The size and content of six data sets are trimmed to a manageable size to understand the data. This means that only those rows and columns are kept which are necessary to meet our objective i.e. variables and observations for the selected age groups for five years. Following the surgically obtained data frames, a check for missing values is conducted. The Slice function is used in all the dataframes to remove the irrelevant bits.

Education dataset: For the ed2016, the is.na function was run and it produced just one missing value, which is a blankspace that is used to naming column comprising nominal variables - male and female. Running the str command showed that the study and population figures for different age groups were in character data type. They were converted to integer data type. The reason they were converted to integer type was because a new variable would be created to calculate the percentage. A column comprising year was added to the dataframe.
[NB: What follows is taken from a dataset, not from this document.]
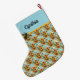 This lovely and unusual holiday stocking features a wallpaper-like background of sunflowers, honeycomb, and bees. The top of the stocking has a complementary blue (kind of a vintage turquoise or dusty aqua) with a gold border and the recipient's name in black with a bee flying across the border.

All of the above mentioned steps were repeated for the dataframes ed2017,ed2018,ed2019 and ed2020.

Crime dataset: For df2, running the command is.na yielded no missing values. Gender variable was created with values ‘Male’ and ‘Female’ as factors and levels. A new variable ‘Status’ was created to hold value as ‘Crime’. This status variable is created to differentiate between the study and crime population figures when the dataframes are merged.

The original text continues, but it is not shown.